▶ [TASK]: Exact copies of all the lines below are wanted, without a single picture.

▶ [MATERIAL PROVIDED]:
=======
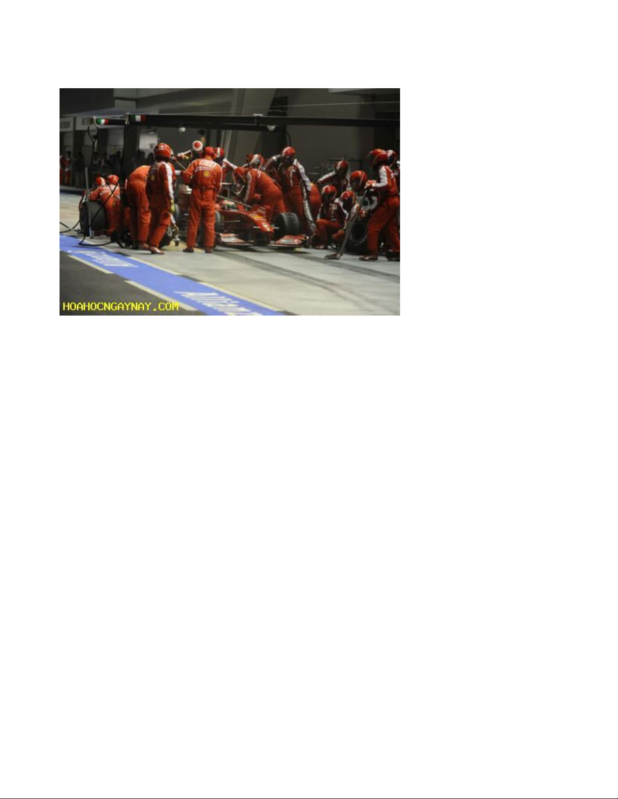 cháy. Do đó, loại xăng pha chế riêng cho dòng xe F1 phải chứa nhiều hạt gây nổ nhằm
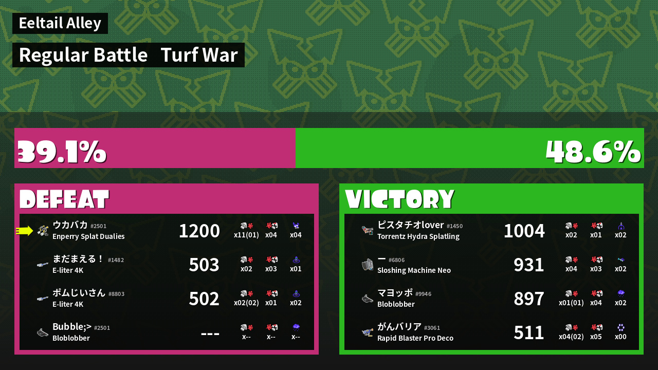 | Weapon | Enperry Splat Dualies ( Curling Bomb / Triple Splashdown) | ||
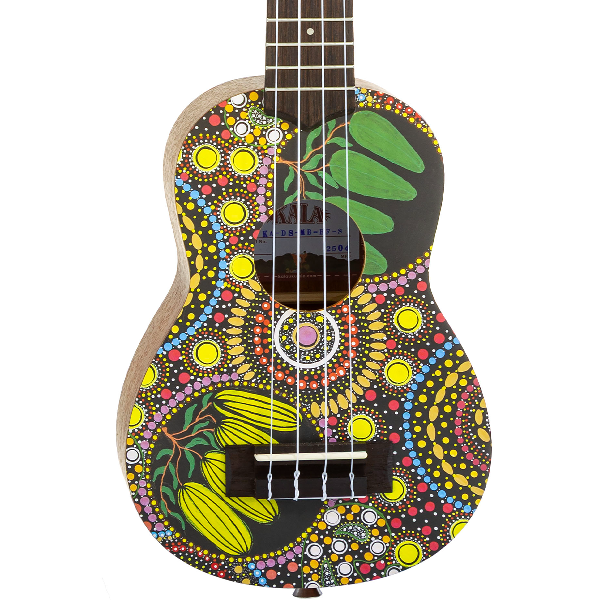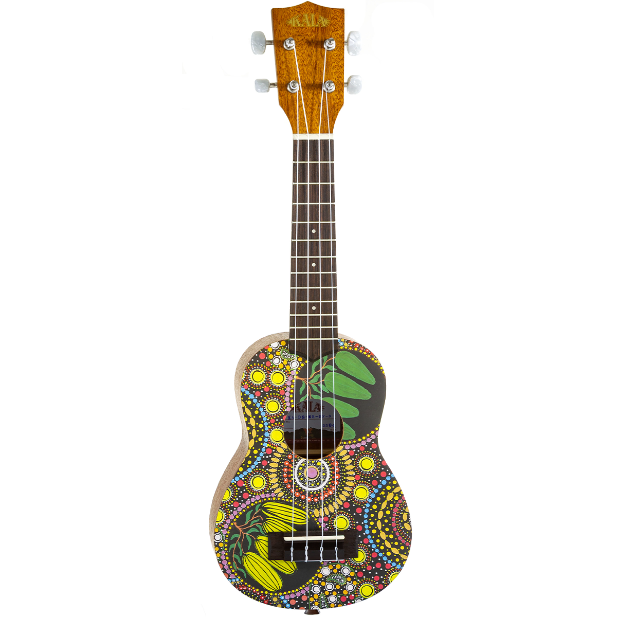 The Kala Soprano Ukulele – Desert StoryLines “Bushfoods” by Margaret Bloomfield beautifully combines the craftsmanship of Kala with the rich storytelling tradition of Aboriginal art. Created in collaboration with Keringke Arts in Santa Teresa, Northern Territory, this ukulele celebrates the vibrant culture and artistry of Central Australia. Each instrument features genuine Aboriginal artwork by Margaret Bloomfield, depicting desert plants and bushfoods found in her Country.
=======
▶ [FINAL ANSWER]:
 cháy. Do đó, loại xăng pha chế riêng cho dòng xe F1 phải chứa nhiều hạt gây nổ nhằm
 | Weapon | Enperry Splat Dualies ( Curling Bomb / Triple Splashdown) | ||
 The Kala Soprano Ukulele – Desert StoryLines “Bushfoods” by Margaret Bloomfield beautifully combines the craftsmanship of Kala with the rich storytelling tradition of Aboriginal art. Created in collaboration with Keringke Arts in Santa Teresa, Northern Territory, this ukulele celebrates the vibrant culture and artistry of Central Australia. Each instrument features genuine Aboriginal artwork by Margaret Bloomfield, depicting desert plants and bushfoods found in her Country.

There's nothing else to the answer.